In this tutorial, we’ll explore Java Modularity and how it affected the testing in Java applications. We’ll start with a brief introduction to the JPMS and then dive into how the tests work together with modules.

2. Java Platform Modularity System

Java Platform Modularity System, also known as JPMS, was introduced in Java 9 to improve the organization and maintainability of large applications. It provides a mechanism to define and manage dependencies between components more efficiently.

Modules are self-contained units of code that encapsulate their implementation and expose a well-defined API. They explicitly declare dependencies, making understanding the relationships between different system parts easier.

Some of the main benefits of Java Modularity are:

  • Encapsulation: Modules hide their internal implementation details and expose only what is needed through a well-defined API
  • Improved maintainability: By clearly separating concerns, managing and maintaining complex applications becomes easier
  • Enhanced performance: Modules can be loaded and unloaded at runtime, allowing the JVM to optimize the application’s memory footprint and startup time

3. Simple Class Path Tests

Before testing with modules, let’s consider tests in a non-modular Java application. Suppose we have a simple application with two classes, Book and Library:

library-core
└── src
    ├── main
    │   └── java
    │       └── com
    │           └── baeldung
    │               └── library
    │                   └── core
    │                       ├── Book.java
    │                       └── Library.java
    └── test
        └── java
            └── com
                └── baeldung
                    └── library
                        └── core
                            └── LibraryUnitTest.java

The Library class has a method called addBook that takes a Book and adds it to an internal list of books.
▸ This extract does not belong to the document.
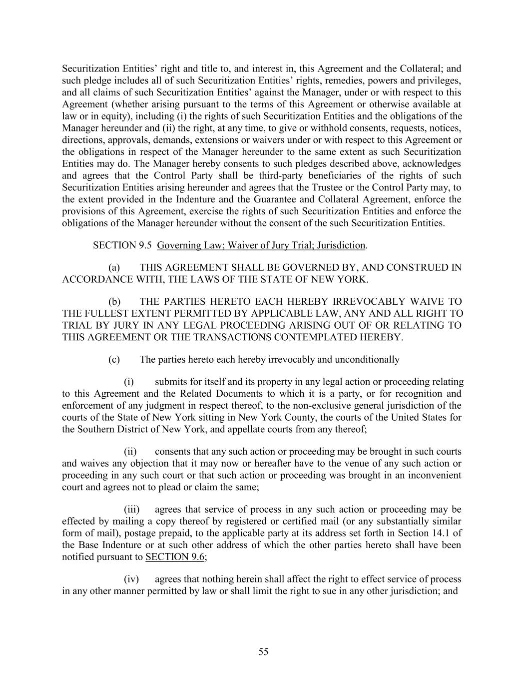 Securitization Entities’ right and title to, and interest in, this Agreement and the Collateral; and such pledge includes all of such Securitization Entities’ rights, remedies, powers and privileges, and all claims of such Securitization Entities’ against the Manager, under or with respect to this Agreement (whether arising pursuant to the terms of this Agreement or otherwise available at law or in equity), including (i) the rights of such Securitization Entities and the obligations of the Manager hereunder and (ii) the right, at any time, to give or withhold consents, requests, notices, directions, approvals, demands, extensions or waivers under or with respect to this Agreement or the obligations in respect of the Manager hereunder to the same extent as such Securitization Entities may do. The Manager hereby consents to such pledges described above, acknowledges and agrees that the Control Party shall be third-party beneficiaries of the rights of such Securitization Entities arising hereunder and agrees that the Trustee or the Control Party may, to the extent provided in the Indenture and the Guarantee and Collateral Agreement, enforce the provisions of this Agreement, exercise the rights of such Securitization Entities and enforce the obligations of the Manager hereunder without the consent of the such Securitization Entities. SECTION 9.5 Governing Law; Waiver of Jury Trial; Jurisdiction. (a) THIS AGREEMENT SHALL BE GOVERNED BY, AND CONSTRUED IN ACCORDANCE WITH, THE LAWS OF THE STATE OF NEW YORK. (b) THE PARTIES HERETO EACH HEREBY IRREVOCABLY WAIVE TO THE FULLEST EXTENT PERMITTED BY APPLICABLE LAW, ANY AND ALL RIGHT TO TRIAL BY JURY IN ANY LEGAL PROCEEDING ARISING OUT OF OR RELATING TO THIS AGREEMENT OR THE TRANSACTIONS CONTEMPLATED HEREBY. (c) The parties hereto each hereby irrevocably and unconditionally (i) submits for itself and its property in any legal action or proceeding relating to this Agreement and the Related Documents to which it is a party, or for recognition and enforcement of any judgment in respect thereof, to the non-exclusive general jurisdiction of the courts of the State of New York sitting in New York County, the courts of the United States for the Southern District of New York, and appellate courts from any thereof; (ii) consents that any such action or proceeding may be brought in such courts and waives any objection that it may now or hereafter have to the venue of any such action or proceeding in any such court or that such action or proceeding was brought in an inconvenient court and agrees not to plead or claim the same; (iii) agrees that service of process in any such action or proceeding may be effected by mailing a copy thereof by registered or certified mail (or any substantially similar form of mail), postage prepaid, to the applicable party at its address set forth in Section 14.1 of the Base Indenture or at such other address of which the other parties hereto shall have been notified pursuant to SECTION 9.6; (iv) agrees that nothing herein shall affect the right to effect service of process in any other manner permitted by law or shall limit the right to sue in any other jurisdiction; and 55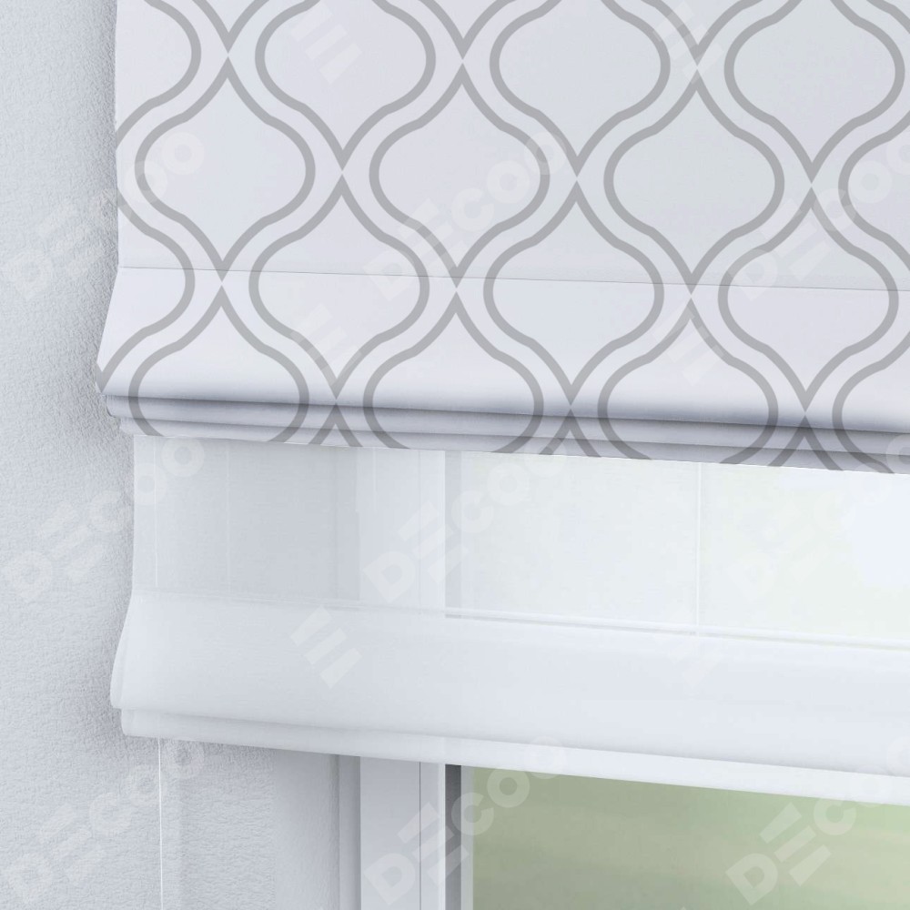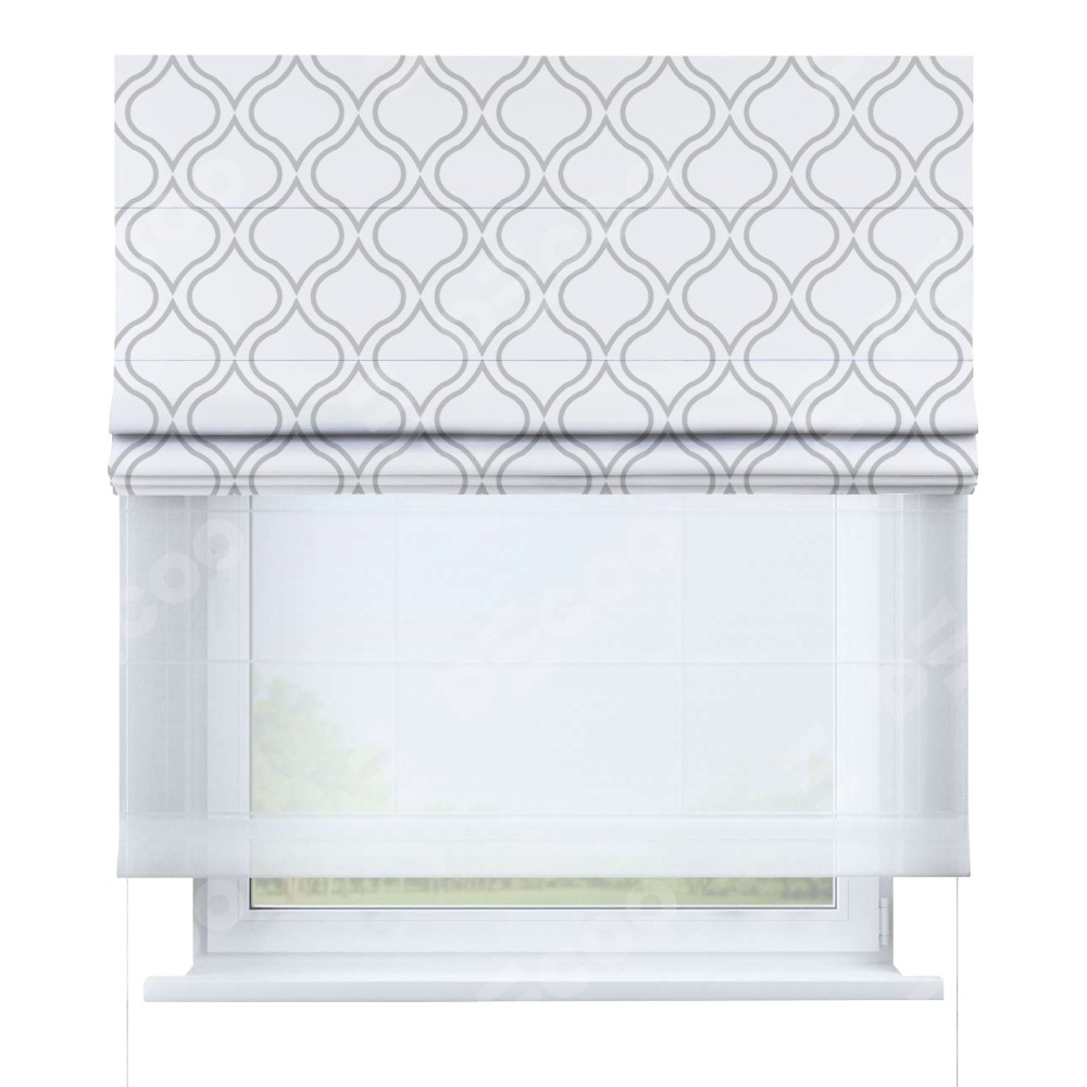 Римская штора день-ночь производителя «Cortin», используется для проёма, пошита из двух полотен, с лицевой блэкаут с нанесением сублимационной печати «Тайны востока белый», вторая ткань тюль (по стандарту комплектуется тюль белого цвета артикул V-01). Имеет универсальный механизм и подходит для монтажа: на потолок, на стену и в нишу.

Let’s write a test for the addBook method:

class LibraryUnitTest {

    @Test
    void givenEmptyLibrary_whenAddABook_thenLibraryHasOneBook() {
        Library library = new Library();
        Book theLordOfTheRings = new Book("The Lord of the Rings", "J.R.R. Tolkien");
        library.addBook(theLordOfTheRings);
        int expected = 1;
        int actual = library.getBooks().size();
        assertEquals(expected, actual);
    }
}

This test checks whether adding a book to the library increases the number of books and whether this book is in the library. The test’s imports are pretty straightforward:

package com.baeldung.core;
import static org.junit.jupiter.api.Assertions.assertEquals;
import org.junit.jupiter.api.Test;

We don’t need to import the Library and the Book classes, as JVM treats them as if they’re in the same package. This happens because of the classpath and the process of class discovery. However, this might cause issues which hard to debug and fix. On big projects, it can even lead to a JAR hell.

4. Modularized Tests

Let’s split our library management application into a modular structure. We’ll create a com.baeldung.library.core and a com.baeldung.library.test module. The com.baeldung.library.core module will contain the application code:

library-core
└── src
    └── main
        └── java
            ├── com
            │   └── baeldung
            │       └── library
            │           └── core
            │               ├── Book.java
            │               └── Library.java
            └── module-info.java

The com.baeldung.library.test will include the test code:

library-test
└── src
    └── test
        └── java
            ├── com
            │   └── baeldung
            │       └── library
            │           └── test
            │               └── LibraryUnitTest.java
            └── module-info.java

The structure reflects the structure of a Maven project for simplicity, but in modular applications, we only need to follow the guides of JPMS.

The module-info.java file for the com.baeldung.library.core module will look like this:

module com.baeldung.library.core {
    exports com.baeldung.library.core;
}

The module descriptor for the com.baeldung.library.test will contain a couple of additional directives:

module com.baeldung.library.test {
    requires com.baeldung.library.core;
    requires org.junit.jupiter.api;
    opens com.baeldung.library.test to org.junit.platform.commons;
}

We declared that the com.baeldung.library.test module requires the com.baeldung.library.core and the org.junit.jupiter.api module for testing. Also, we open the com.baeldung.library.test package to the org.junit.platform.commons module, which JUnit requires to access our test classes via reflection.

4.1. Testing Public Methods

Now let’s rewrite our test from the previous section using the modular structure:

class LibraryUnitTest {

    @Test
    void givenEmptyLibrary_whenAddABook_thenLibraryHasOneBook() {
        Library library = new Library();
        Book theLordOfTheRings = new Book("The Lord of the Rings", "J.R.R. Tolkien");
        library.addBook(theLordOfTheRings);
        int expected = 1;
        int actual = library.getBooks().size();
        assertEquals(expected, actual);
    }
}

Our test code hasn’t changed, but the structure of our project has. The main difference from the first example is the imports:

package com.baeldung.library.test;
import com.baeldung.library.core.Book;
import com.baeldung.library.core.Library;
import org.junit.jupiter.api.Test;
import static org.junit.jupiter.api.Assertions.assertEquals;

We’re not using the classpath to discover the tests and application code and need to explicitly import the classes Book and Library to use in the tests. Exporting the same package from different modules is impossible. That’s why the test code and application core reside in the packages with different names.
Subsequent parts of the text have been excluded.